Thu 28 Mar 2019 - Sun 21 Apr 2019

Sam Campbell and Paul Williams have teamed up this Comedy Festival to put on a show called Australian Vs New Zealand Magic Competition at the Exford Hotel. The show description warns that if you attend this show, there is a 60% chance you will actually die. I think that is some sort of metaphor, because while the show didn't make me fear for my life at any stage, there was definitely a lot of uncertainty about several other factors.



The venue, for starters, was the most chaotic I've experienced at the Comedy Festival. For a show with a start time as late as 11 pm you'd hope it would start and end on time, but we found ourselves waiting on the street outside the entrance of the Exford Hotel in a long queue until nearly 11.30 pm. Hotel staff weren't allowed to let us enter because the previous show had run over time, and the pub was full. Apparently this wasn't a one-off thing either, I was told that we were lucky to only be waiting in the cold: on another night, audience members had to wait in the rain.

The show itself is an experience, to say the least. I had not previously seen Paul Williams' work but I had seen Sam Campbell's, and I anticipated that whatever lay ahead was bound to be bizarre, unpredictable and absurdist. In that respect, the show delivers fully. I am normally a great admirer of Campbell's almost psychedelic comedic style, but I'm not sure if it works as well in a team show as it does in his solo shows. And when I say team show, I do mean more than two, because apart from Paul Williams this show also significantly features comedian Mark Silcox as a recurring audience plant, whose role gets bigger and bigger as the show progresses.

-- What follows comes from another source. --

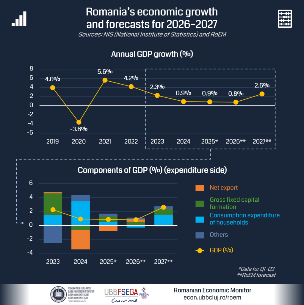 Romania may be heading into a “mirror year” in 2026. Full-year GDP growth and average inflation could end up looking similar to 2025, but the intra-year sequencing may flip: 2025 started relatively better and ended worse, while 2026 may start weak and improve into H2 as disinflation resumes and the fiscal consolidation shock fades.

The show relies on the personalities of the performers, and the silliness of their interactions, to bring in its laughs. The gags are consistently ridiculous, such as the mystery of the absent whiteboard marker, which was really no mystery at all but a prolonged gag about their incompetence at magic. Silcox's presence is a paradoxically stereotyped yet incongruent portrayal of a performer from a diverse background, and while funny, is also confusing - it's evident that the show means for you to laugh at him (more than at his jokes), but I found myself wondering what exactly I was meant to be laughing at, and how that made me feel.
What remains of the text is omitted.